[The problem] Your copy should hold only the lines from the one with "据了解,早在2020年6月,京东集团与安" to the one with "关于召开山东省医院协会患者安全管理专业委员会2025年年会的通知", both included, each exactly as it stands below, with no pictures.

[Data provided]
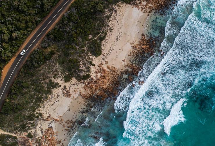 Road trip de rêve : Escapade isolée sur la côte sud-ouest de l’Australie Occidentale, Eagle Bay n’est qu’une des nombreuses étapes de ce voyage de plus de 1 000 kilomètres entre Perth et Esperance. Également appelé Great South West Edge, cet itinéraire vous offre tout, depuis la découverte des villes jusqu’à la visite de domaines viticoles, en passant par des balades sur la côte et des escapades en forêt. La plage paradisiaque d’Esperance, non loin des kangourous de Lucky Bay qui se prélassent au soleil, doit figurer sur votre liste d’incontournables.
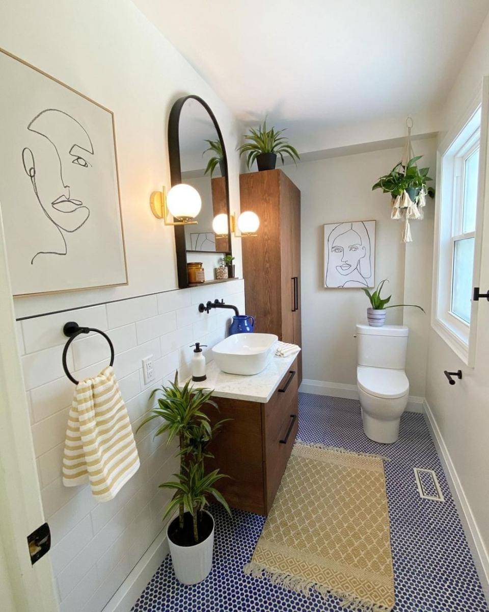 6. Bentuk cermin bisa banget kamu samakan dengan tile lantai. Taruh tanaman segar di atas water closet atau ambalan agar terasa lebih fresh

---

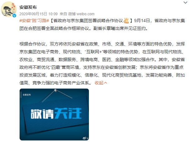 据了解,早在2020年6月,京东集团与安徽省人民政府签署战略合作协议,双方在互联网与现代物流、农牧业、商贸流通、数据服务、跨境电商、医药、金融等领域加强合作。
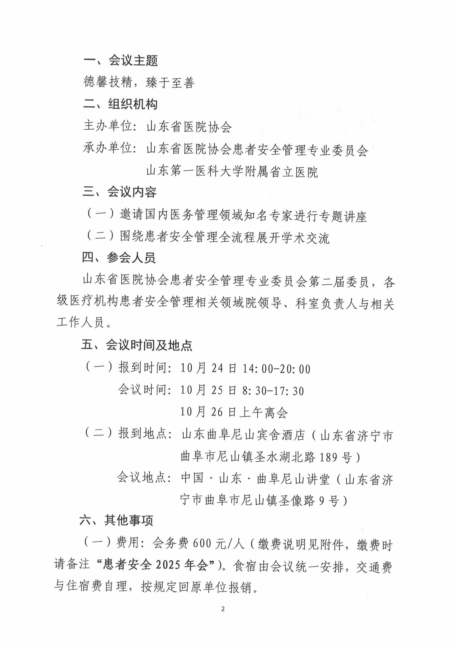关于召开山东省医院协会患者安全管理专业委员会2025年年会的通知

==

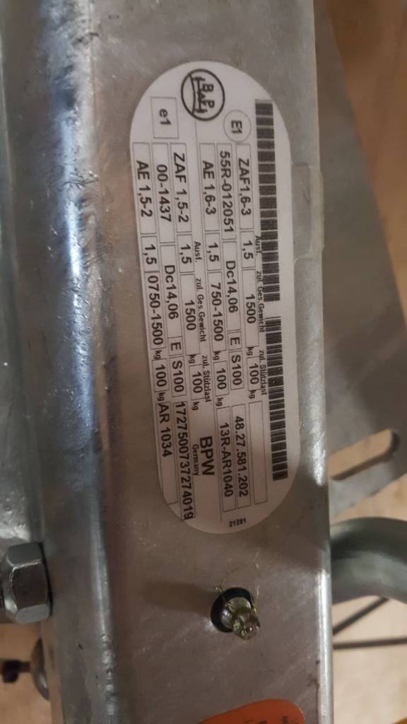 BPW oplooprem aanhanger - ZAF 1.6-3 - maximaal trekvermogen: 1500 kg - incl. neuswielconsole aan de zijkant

[Task output]
 据了解,早在2020年6月,京东集团与安徽省人民政府签署战略合作协议,双方在互联网与现代物流、农牧业、商贸流通、数据服务、跨境电商、医药、金融等领域加强合作。
关于召开山东省医院协会患者安全管理专业委员会2025年年会的通知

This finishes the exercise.